> **Work instruction**:
Pictures in the entries below are to be left out; otherwise, reproduce exactly the lines from the first through the line containing "Add a vintage".

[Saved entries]
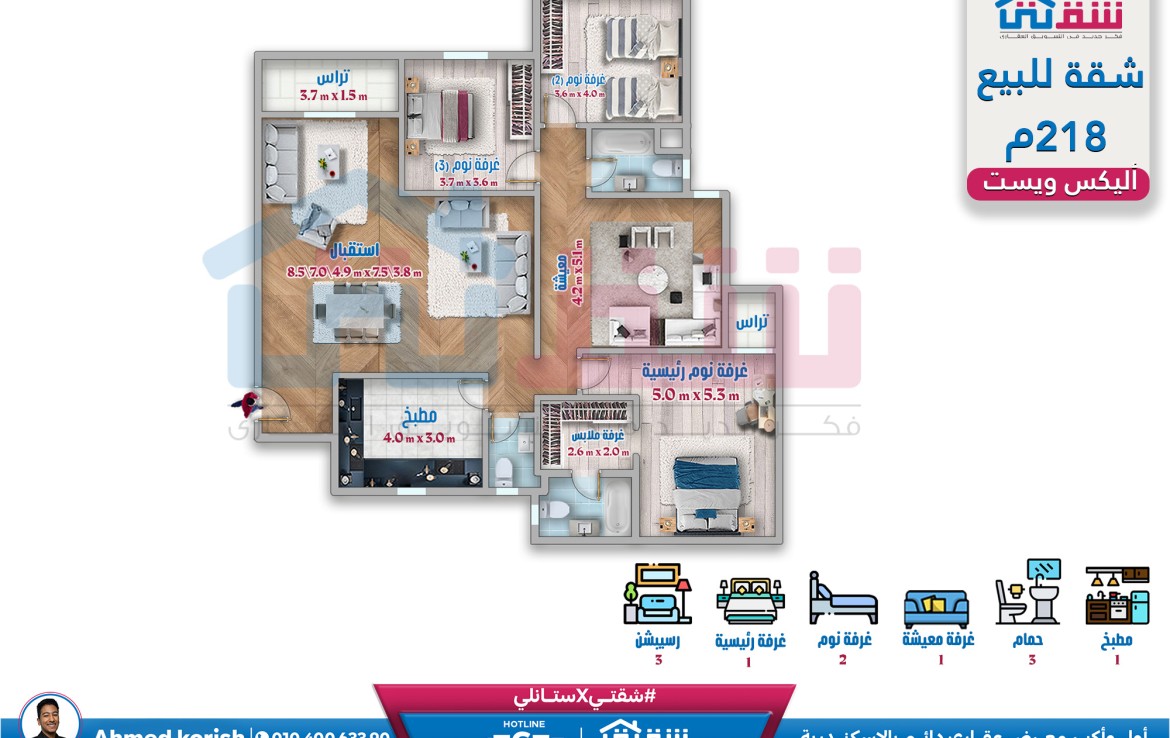 3 غرف (منهم غرفة ماستر+ Dressing) غرفة معيشة ريسبشن 3 قطع 3 حمام مطبخ 2 تراس
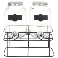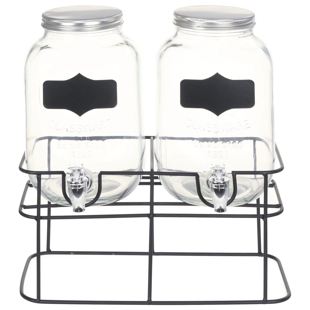 Add a vintage charm to your kitchen and bar area with our glass beverage dispenser set! This vintage water jars are suitable for serving many types of different beverages and is also ideal for sharing drinks on parties and BBQs. Made of transparent glass, the dispenser exudes a simple and clean look, allowing you to easily monitor and identify the beverage. The wide mouth ensures you put or take out fruits easily and quickly. Thanks to the screw-on lid, the glass container features a good sealing, ensuring your drink stay fresh for longer. Additionally, the integrated tap makes it easy for your guests to serve themselves at your party. Delivery includes 2 beverage dispensers and a stand.
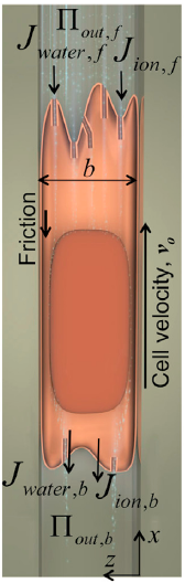 基于姜洪源教授于2013年发表在《Biophysical Journal》的论文(Jiang H.Y. & Sun X.S. Biophys. J. 105:609-619, 2013)中提出的关于动物细胞体积和压力动态调控的基本力生物学模型,他与约翰霍普金斯大学的Sean Sun教授及Konstantinos Konstantopoulos教授等合作者通过理论预测和实验验证进一步发现并证实了与二维平表面上的细胞迁移截然不同的、不依赖于细胞粘附的一种癌细胞迁移的新机制(Osmotic Engine Model),阐明了在细小管道内水分子和各种离子由细胞前端进入细胞,从后端离开细胞,从而实现细胞整体向前运动的这样一种新的细胞运动方式,揭示了水分子和离子的跨膜输运对细胞迁移的重要作用。这项研究成果有助于了解癌细胞在体内的迁移扩散过程,对癌症的预防与治疗等方面的研究有着非常重要的科学意义与临床应用价值。
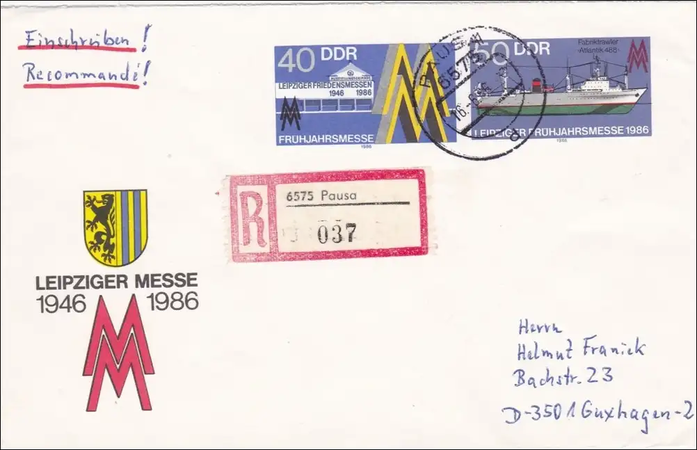 DDR: 1986 - 40 Jahre Leipziger Messe, Einschreiben von Pausa nach Guxhagen
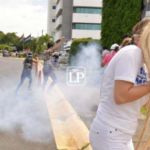 Lanzaron bombas aturdidoras contra los manifestantes cerca del edificio Movistar. LAPRENSA/J. Flores
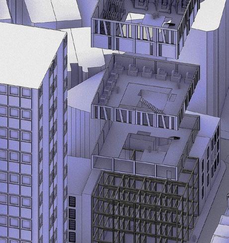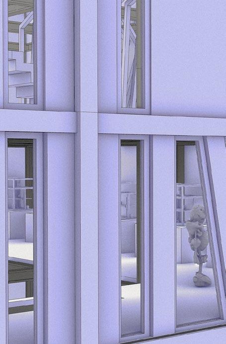 4 The first and second floors are the study rooms where access is granted to all, while the next floors are reserved for the gods who stood at the beginning of time. They are completely exposed to the world , yet no one can see them. Not Bernard, not John, not any- one. The only utterly visible things is how the wind always blows faster throught the huge sponges, how the solitary tree is always “running” and how new technologies emearge on the site everyday. And still, nobody is questioning anything. All individuals see the building as under construction.
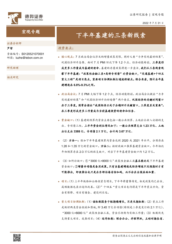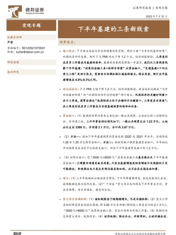 【德邦证券】【20220731】宏观专题:下半年基建的三条新线索-19页
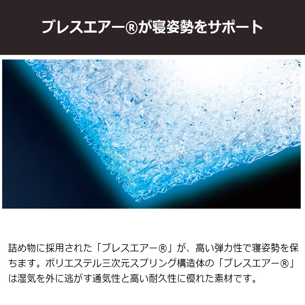 ポリエステル三次元スプリング構造体の高い弾力性で寝姿勢をサポートします。抜群の通気性で内部に湿気を溜め込まず、いつでも爽やかな寝心地を実現します。従来の「ブレスエアーエクストラ®」よりも反発弾性を高めており、よりハードながらクッション性も兼ね備えています。※画像はイメージです。
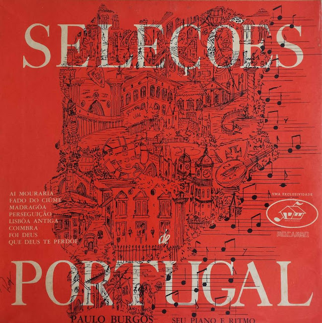 Olá amigos cultos e ocultos! Dando sequencia a série dos 10 polegadas, eu trago hoje um disco dedicado aqueles que são fãs da música portuguesa. Temos aqui uma seleção com algumas das mais conhecidas música portuguesas interpretadas pelo pianista pernambucano Paulo Burgos em disco lançado pelo selo Mocambo, da fábrica de discos Rozenblit, em 1957. O lp é de faixa contínua, ou seja, não há separação entre as música. Feito assim especialmente para dançar, sem pausa, pelo menos a cada lado. Não vou estender na apresentação, pois o verso da capa já nos traz toda a informação complementar. Confiram já…

> **Finished task**:
 3 غرف (منهم غرفة ماستر+ Dressing) غرفة معيشة ريسبشن 3 قطع 3 حمام مطبخ 2 تراس
 Add a vintage charm to your kitchen and bar area with our glass beverage dispenser set! This vintage water jars are suitable for serving many types of different beverages and is also ideal for sharing drinks on parties and BBQs. Made of transparent glass, the dispenser exudes a simple and clean look, allowing you to easily monitor and identify the beverage. The wide mouth ensures you put or take out fruits easily and quickly. Thanks to the screw-on lid, the glass container features a good sealing, ensuring your drink stay fresh for longer. Additionally, the integrated tap makes it easy for your guests to serve themselves at your party. Delivery includes 2 beverage dispensers and a stand.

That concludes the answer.